Using Motion History Images with 3D Convolutional Networks in Isolated Sign Language Recognition
This addresses sign language recognition for accessibility applications, but it is incremental as it builds on existing methods with a focus on using only RGB data.
The paper tackles isolated sign language recognition by proposing a model using Motion History Images (MHI) with 3D convolutional networks, achieving competitive performance with state-of-the-art models that use multi-modal data on datasets like AUTSL and BosphorusSign22k.

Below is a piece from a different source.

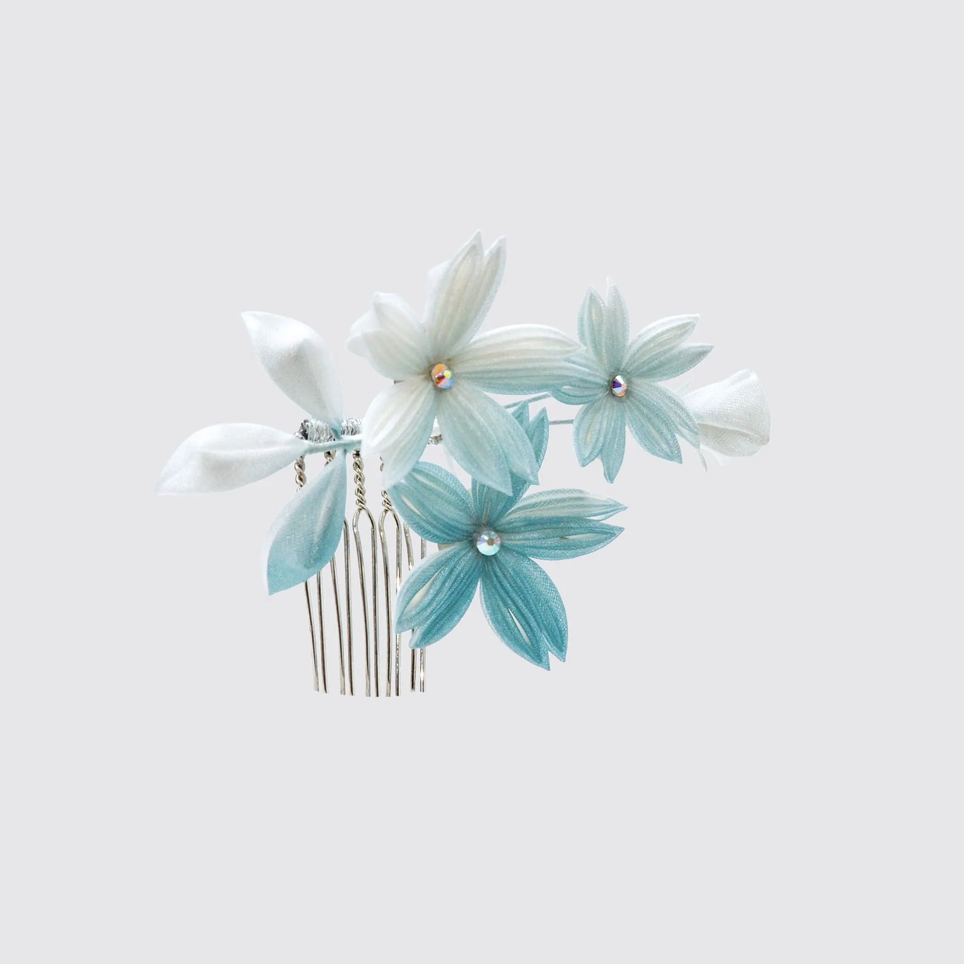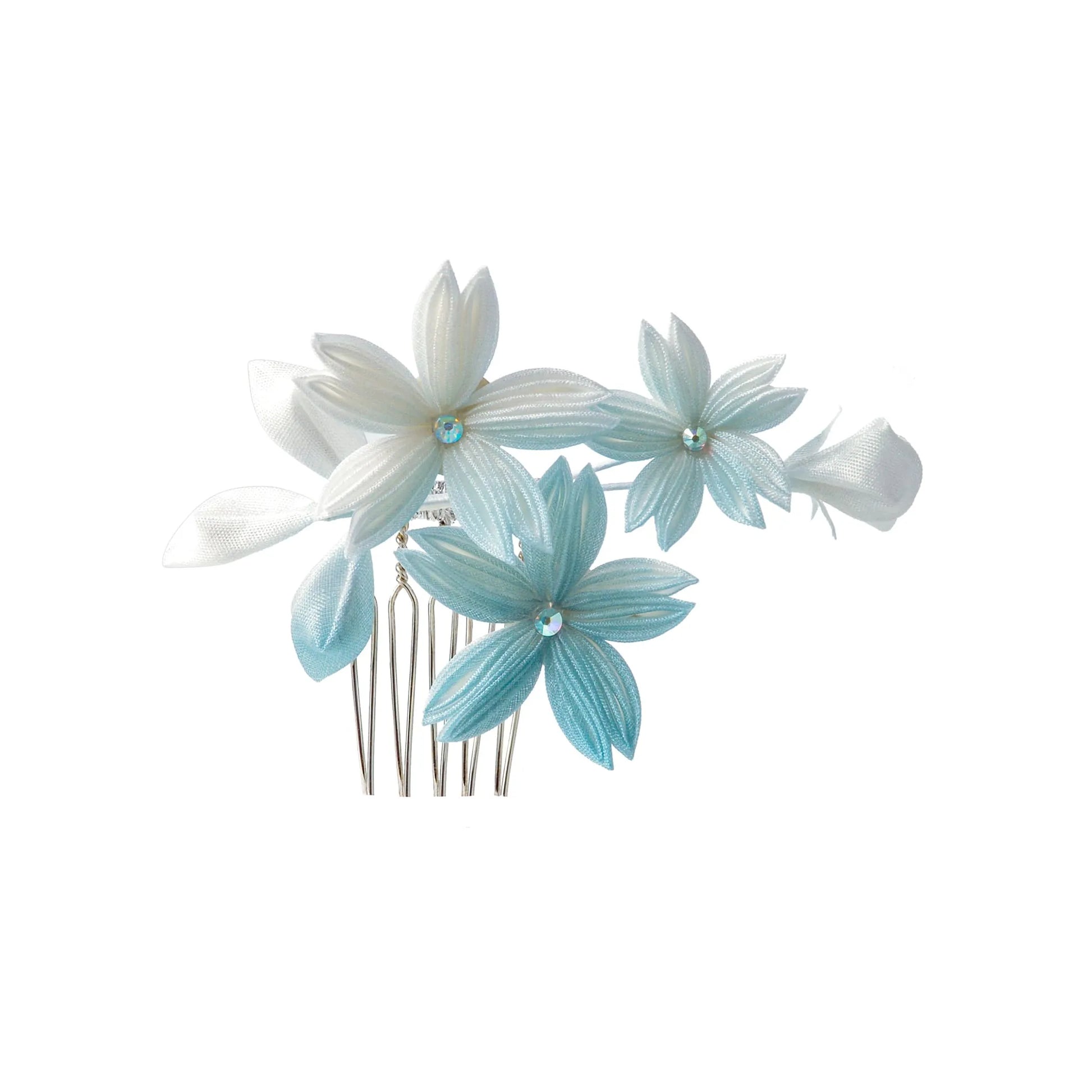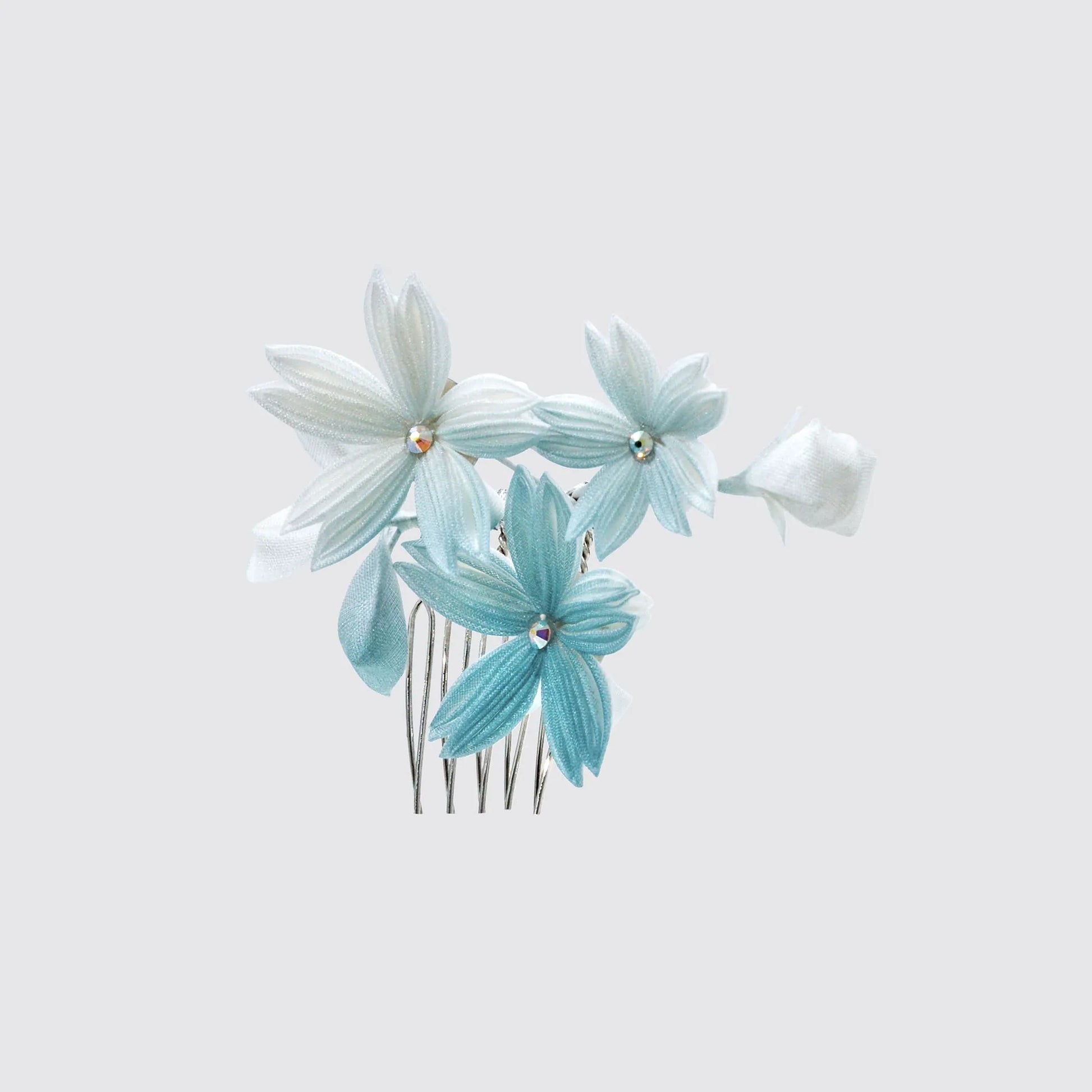 福島県の川俣地方に伝わる「濡れ横」という伝統製法により織られた正絹の羽二重のつまみ細工に三重県の伝統工芸「鈴鹿色墨」でぼかし染めを施した髪飾りです。和装家の方々に好評を頂いており、さりげない中にも品のある繊細な表情が魅力です。福島県の川俣地方に伝わる「濡れ横」という伝統製法により織られた正絹の羽二重のつまみ細工に三重県の伝統工芸「鈴鹿色墨」でぼかし染めを施した髪飾りです。

Sign language recognition using computational models is a challenging problem that requires simultaneous spatio-temporal modeling of the multiple sources, i.e. faces, hands, body, etc. In this paper, we propose an isolated sign language recognition model based on a model trained using Motion History Images (MHI) that are generated from RGB video frames. RGB-MHI images represent spatio-temporal summary of each sign video effectively in a single RGB image. We propose two different approaches using this RGB-MHI model. In the first approach, we use the RGB-MHI model as a motion-based spatial attention module integrated into a 3D-CNN architecture. In the second approach, we use RGB-MHI model features directly with the features of a 3D-CNN model using a late fusion technique. We perform extensive experiments on two recently released large-scale isolated sign language datasets, namely AUTSL and BosphorusSign22k. Our experiments show that our models, which use only RGB data, can compete with the state-of-the-art models in the literature that use multi-modal data.